OPACs and XML.
When I wish for things like native RSS feeds from our Innovative catalog, I’m sometimes told that III has an XML backend so I should just be able to build what I want on my own. Of course, my first response (of many) is that I’m not a programmer so I can’t just build what I want, but Casey Bisson at Plymouth State University is, and he’s trying to build weird and wonderful things with his own Innovative catalog.
For example, check out his proof-of-concept of LOLA Suggest! Just type something in the search box and wait a second to see what appears underneath. Too freaking awesome! I did a mock-up of what this could look like for my information shifting presentation, but Casey’s given me a live example to show instead. Thanks, Casey!
He’s got lots of other great ideas for using Innovative’s XML server, too (including for lots of RSS goodness), but he’s running into problems because he says their XML schema is non-standard, is even more difficult to work with than MARC, and is prone to parsing errors. So here we have an ILS vendor that claims to have an XML backend you can do whatever you want with, except that it’s incredibly difficult to do whatever you want with it, especially if you want to do something nutty like integrate your catalog’s content into your university’s way cool portal using RSS. As Casey noted in an IM:
“Our portal has a ‘my courses’ tab which lists the student’s course schedule, and has links to WebCT, our course management system. I'm working to get a link to the library right there with it.
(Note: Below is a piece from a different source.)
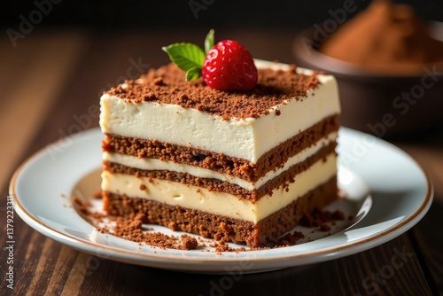 Individual tiramisu portion; layers visible, dusted cocoa , chocolate, single serving, baked goods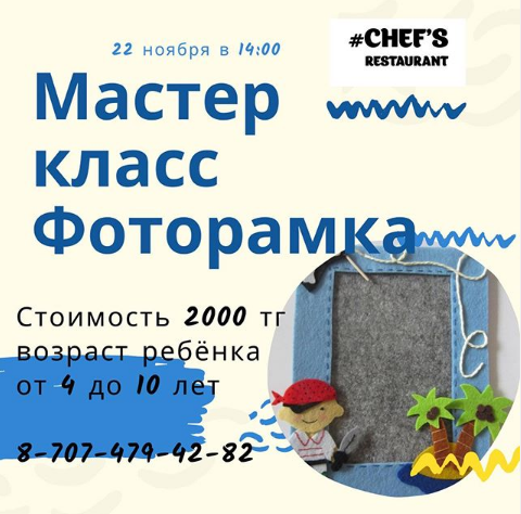 Стоимость 2000 тенге, возраст ребёнка от 4 до 10 лет! Будет очень интересно!

RSS and XML allow us to target library content to what we know of the patron and deliver it wherever they are. As an academic library, we have an opportunity to link with a number of other services. But we also have to compete in the information economy. Most course content systems and portals have only limited ‘hooks’ to include library content, but if we're not quick, libraries will be out of the loop, as faculty post all their reserves online in the course system and link directly to full text sources.”
And all of that work gets harder when you’re trying to do something relatively simple like LOLA Suggest but the XML is so complex that you’re forced to cache the bib records instead of sending the query directly to the catalog’s XML server and presenting live results.
Not being a programmer myself, I’m sure I’m misrepresenting some of this, so I hope Casey will write up his own thoughts about all of this on his blog and correct my inaccuracies. Or even more optimistically, maybe Innovative will fix the problems with their XML server (even if that just means adopting MARC XML) so that Casey can do what they claim he should be able to do, because I want me some of his ideas in my catalog.